2.1 INITIAL CONTRIBUTIONS. The Members initially shall contribute to the
Company capital as described in Exhibit 3 attached to this Agreement. The agreed value
of such property and cash is $ [insert amount] ___________.
2.2 ADDITIONAL CONTRIBUTIONS. Except as provided in ARTICLE 6.2, no
Member shall be obligated to make any additional contribution to the Company's capital.
ARTICLE 3
Profits, Losses and Distributions
3.1 PROFITS/LOSSES. For financial accounting and tax purposes the Company's net
profits or net losses shall be determined on an annual basis and shall be allocated to the
Members in proportion to each Member's relative capital interest in the Company as set
forth in Exhibit 2 as amended from time to time in accordance with Treasury Regulation
1.704-1.
3.2 DISTRIBUTIONS. The Members shall determine and distribute available funds
annually or at more frequent intervals as they see fit. Available funds, as referred to
herein, shall mean the net cash of the Company available after appropriate provision for
expenses and liabilities, as determined by the Managers. Distributions in liquidation of
the Company or in liquidation of a Member's interest shall be made in accordance with
the positive capital account balances pursuant to Treasury Regulation 1.704-
l(b)(2)(ii)(b)(2). To the extent a Member shall have a negative capital account balance,
there shall be a qualified income offset, as set forth in Treasury Regulation 1.704-
l(b)(2)(ii)(d).
ARTICLE 4
Management
4.1 MANAGEMENT OF THE BUSINESS. The name and place of residence of each
Manager is attached as Exhibit 1 of this Agreement. By a vote of the Members holding a
majority of the capital interests in the Company, as set forth in Exhibit 2 as amended
from time to time, shall elect so many Managers as the Members determine, but no fewer
than one, with one Manager elected by the Members as Chief Executive Manager.

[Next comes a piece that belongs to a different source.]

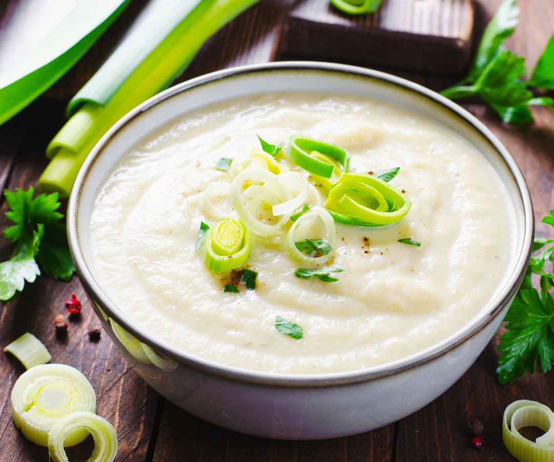 Melt the butter in the same pot (or skip bacon and use only butter for vegetarian). Sauté the leeks until soft.

4.2 MEMBERS. The liability of the Members shall be limited as provided under the
laws of the Vermont Limited Liability statutes. Members that are not Managers shall take
no part whatever in the control, management, direction, or operation of the Company's
affairs and shall have no power to bind the Company. The Managers may from time to
time seek advice from the Members, but they need not accept such advice, and at all
times the Managers shall have the exclusive right to control and manage the Company.